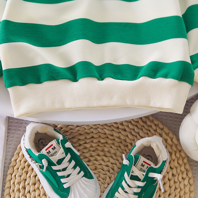 남자들의 봄 스트랩 세트 2024 새로운 아기 봄 가을 스트랩 팬츠 서양식 아기 스트라이프 투피스 세트스토어 가기
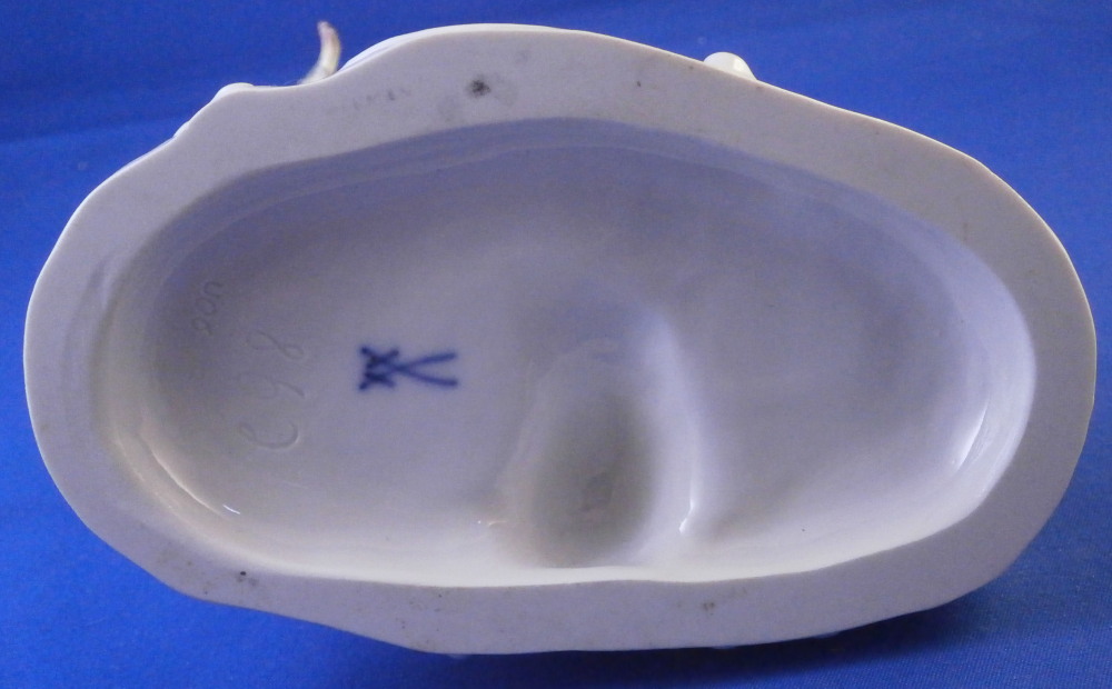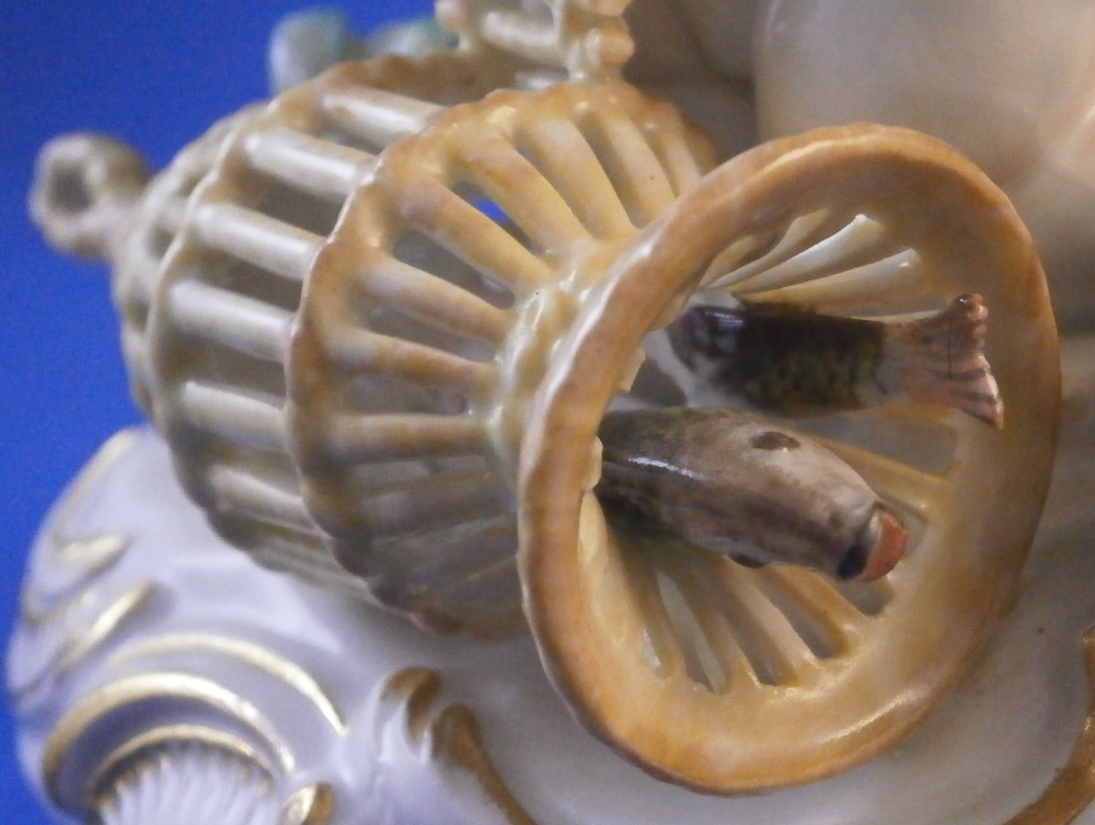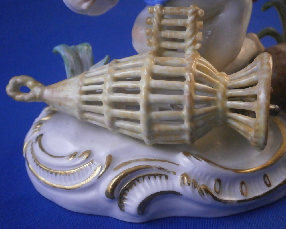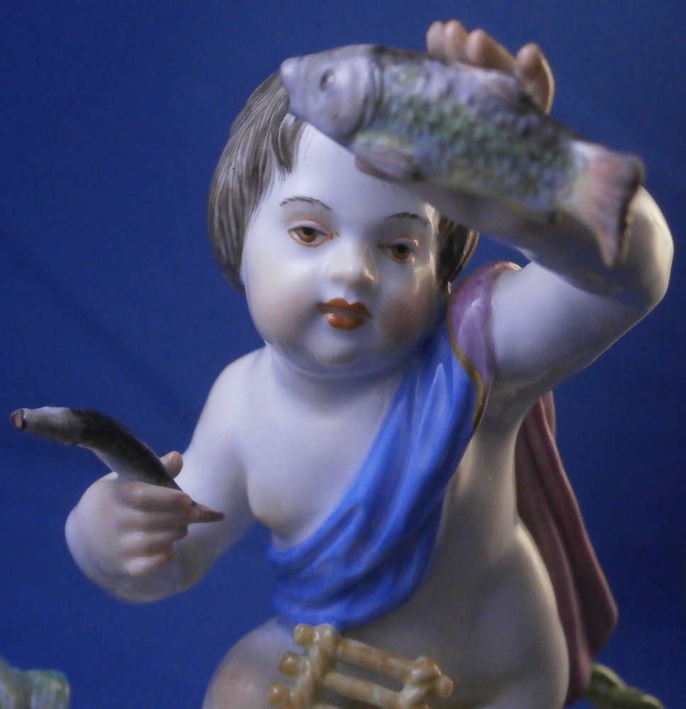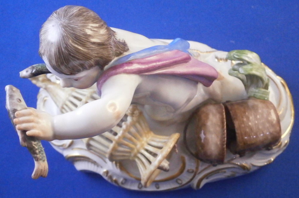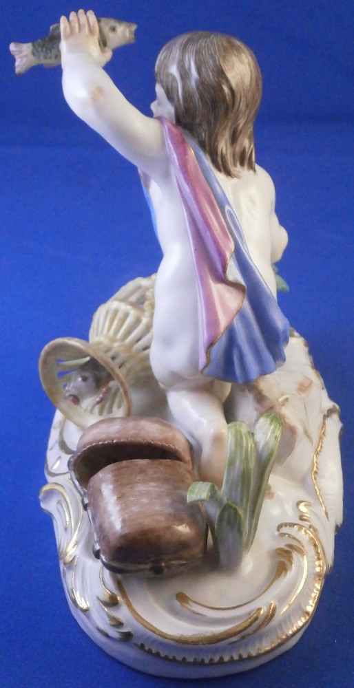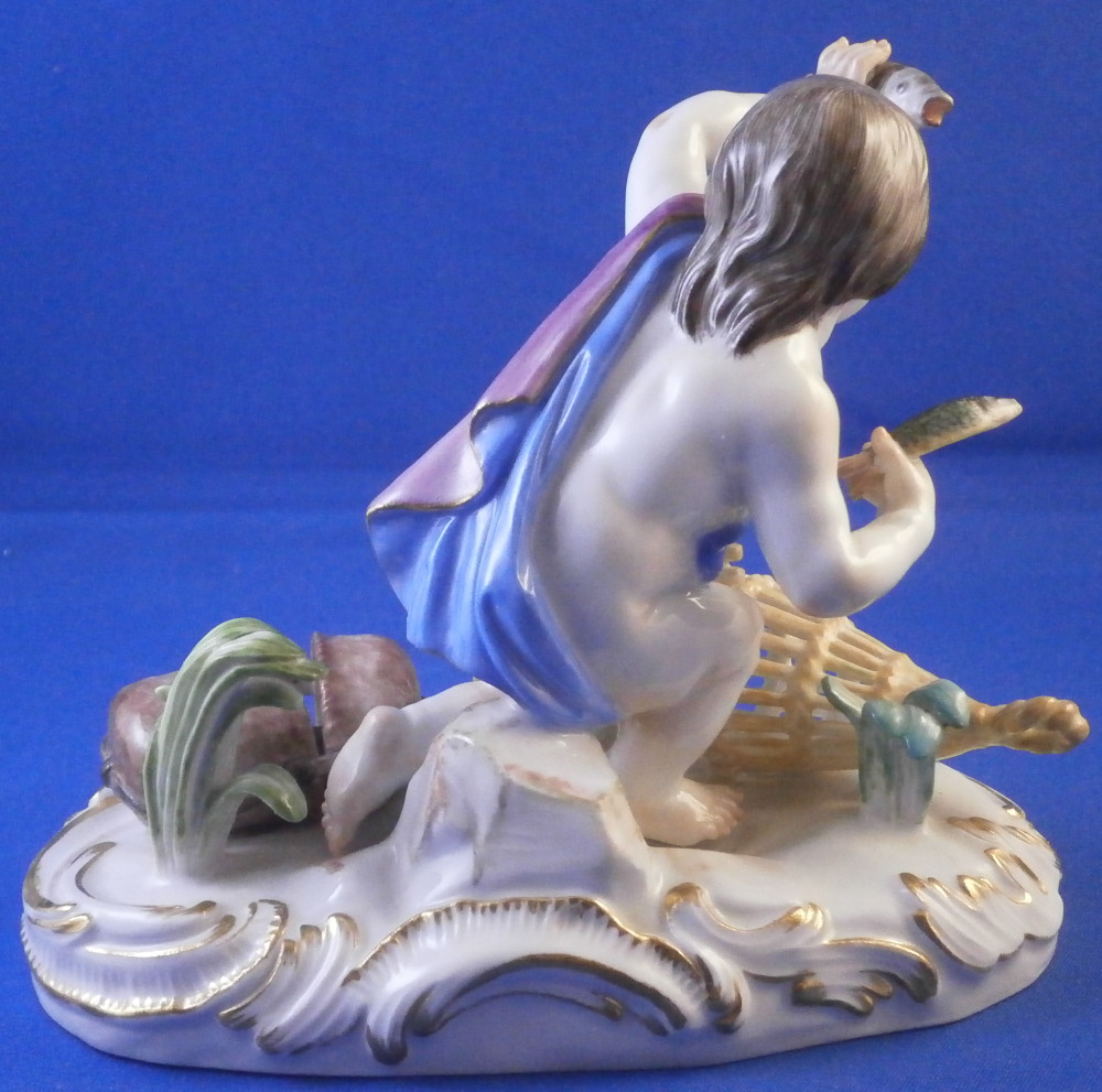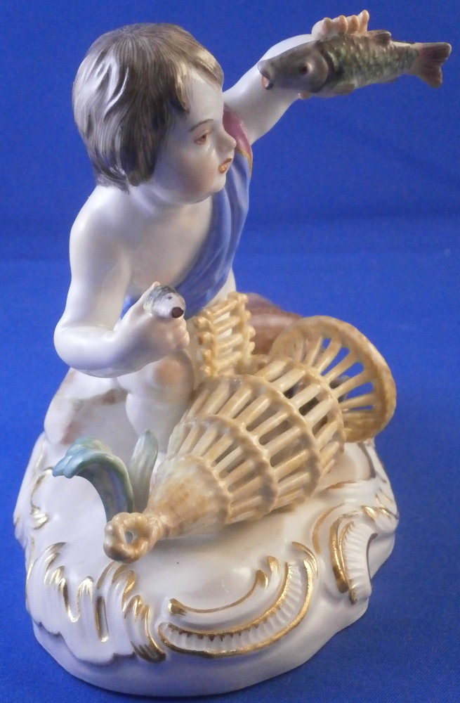 This is a really nice figurine emblematic of the element of water made by Meissen in the mid 20th century. Not a rare figurine by any means but what is very rare about this piece is that it is in almost in perfect condition - just a chip to the leaf of one of the grasses as shown. The piece is of a putto holding a fish in his upper hand, another fish in his lower hand, there is a primitive fish trap in front of him with two fish in it and a basket with its straps next to it that has a lobster in it. Two reeds growing out of the base which has lots of scrolls all around highlighted with gilding. This figure is one from the series of elements. I also have air and earth and fire listed if anyone is interested in the whole set.The figure is very well modeled and hand painted. It looks stunning on its own or even nicer in the set. The figurine is 4.25 inches tall, 5 inches wide and 3 inches deep. It is marked with the crossed swords mark underneath the base (first choice) as well as the usual impressed / incised marks as shown. Please email me for more information or other pictures.
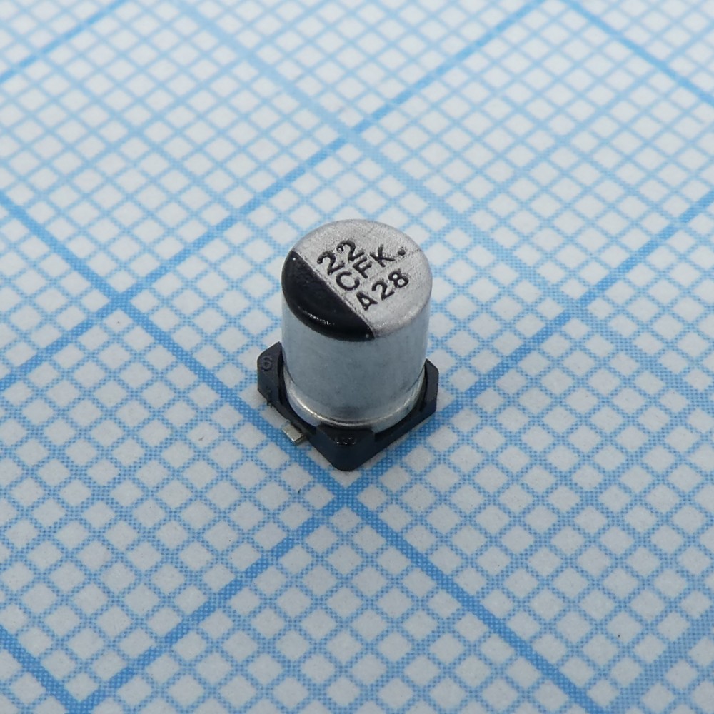 Конденсатор алюминиевый электролитический 22мкФ 16В ±20% (4 X 5.8мм) для поверхностного монтажа 90мА 2000час 105°С автомобильного применения лента на катушке
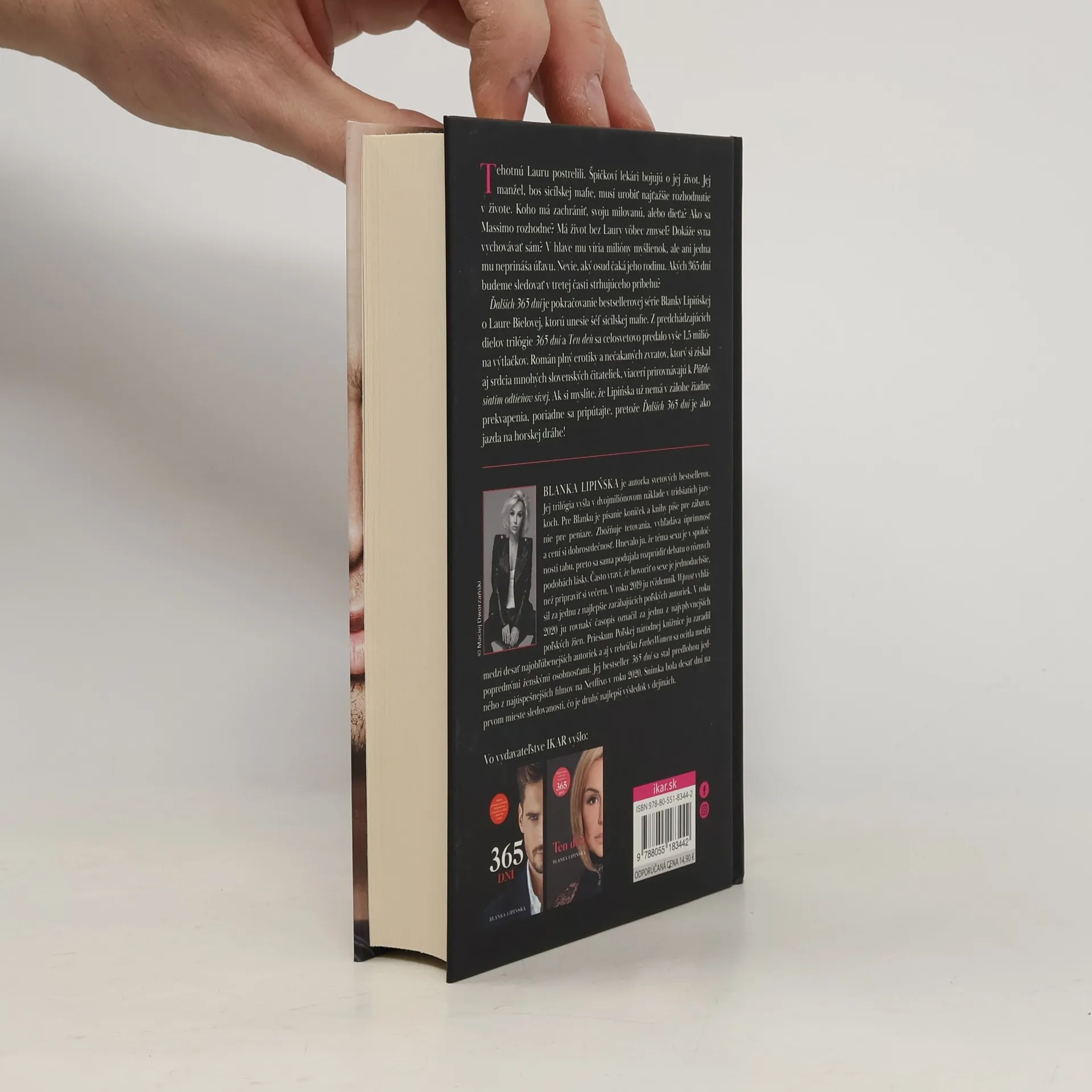 Tehotnú Lauru postrelili. Špičkoví lekári bojujú o jej život. Jej manžel, bos sicílskej mafie, musí urobiť najťažšie rozhodnutie v živote. Koho má zachrániť, svoju milovanú, alebo dieťa? Ako sa Massimo rozhodne? Má život bez Laury vôbec zmysel? Dokáže syna vychovávať sám? V hlave mu víria milióny myšlienok, ale ani jedna mu neprináša úľavu. Nevie, aký osud čaká jeho rodinu. Akých 365 dní budeme sledovať v tretej časti strhujúceho príbehu? Ďalších 365 dní je pokračovanie bestsellerovej série Blanky Lipińskej o Laure Bielovej, ktorú unesie šéf sicílskej mafie. Z predchádzajúcich dielov trilógie 365 dní a Ten deň sa celosvetovo predalo vyše 1,5 milióna výtlačkov. Román plný erotiky a nečakaných zvratov, ktorý si získal aj srdcia mnohých slovenských čitateliek, viacerí prirovnávajú k Päťdesiatim odtieňov sivej. Ak si myslíte, že Lipińska už nemá v zálohe žiadne prekvapenia, poriadne sa pripútajte, pretože Ďalších 365 dní je ako jazda na horskej dráhe!
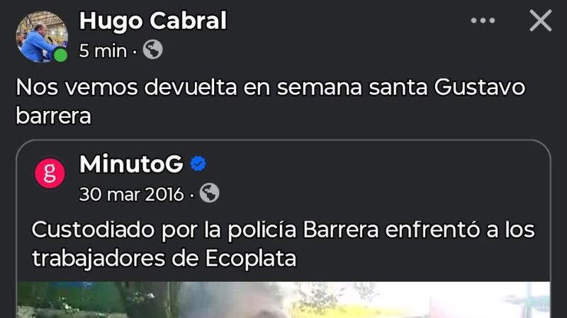 ¿Por qué surgen estas situaciones? Todo el posible revuelo se arma luego de que el delegado de los trabajadores de Santa Elena, Hugo Cabral, publicara en sus redes sociales una foto de Gustavo Barrera en medio de los trabajadores, anunciando: "Nos veremos de vuelta, Gustavo Barrera". El propio Cabral fue quien en el mismo medio había anunciado el principio del conflicto y la salida a la calle de los camioneros, por eso es que se entiende que esto podría ser el puntapié de un nuevo conflicto.
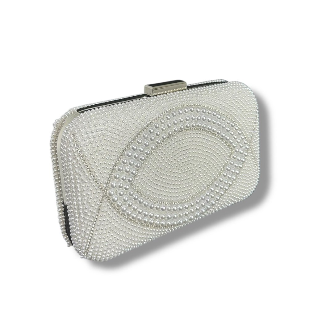CARTERA CON PERLAS DE VIDRIO PLATEADA CON CADENA PARA COLGAR
·····
PROBLEM
With pictures left out, repeat exactly the lines from the line bearing "Tehotnú Lauru postrelili." through the final line of the records above.

OUTPUT OF THE TASK
 Tehotnú Lauru postrelili. Špičkoví lekári bojujú o jej život. Jej manžel, bos sicílskej mafie, musí urobiť najťažšie rozhodnutie v živote. Koho má zachrániť, svoju milovanú, alebo dieťa? Ako sa Massimo rozhodne? Má život bez Laury vôbec zmysel? Dokáže syna vychovávať sám? V hlave mu víria milióny myšlienok, ale ani jedna mu neprináša úľavu. Nevie, aký osud čaká jeho rodinu. Akých 365 dní budeme sledovať v tretej časti strhujúceho príbehu? Ďalších 365 dní je pokračovanie bestsellerovej série Blanky Lipińskej o Laure Bielovej, ktorú unesie šéf sicílskej mafie. Z predchádzajúcich dielov trilógie 365 dní a Ten deň sa celosvetovo predalo vyše 1,5 milióna výtlačkov. Román plný erotiky a nečakaných zvratov, ktorý si získal aj srdcia mnohých slovenských čitateliek, viacerí prirovnávajú k Päťdesiatim odtieňov sivej. Ak si myslíte, že Lipińska už nemá v zálohe žiadne prekvapenia, poriadne sa pripútajte, pretože Ďalších 365 dní je ako jazda na horskej dráhe!
 ¿Por qué surgen estas situaciones? Todo el posible revuelo se arma luego de que el delegado de los trabajadores de Santa Elena, Hugo Cabral, publicara en sus redes sociales una foto de Gustavo Barrera en medio de los trabajadores, anunciando: "Nos veremos de vuelta, Gustavo Barrera". El propio Cabral fue quien en el mismo medio había anunciado el principio del conflicto y la salida a la calle de los camioneros, por eso es que se entiende que esto podría ser el puntapié de un nuevo conflicto.
CARTERA CON PERLAS DE VIDRIO PLATEADA CON CADENA PARA COLGAR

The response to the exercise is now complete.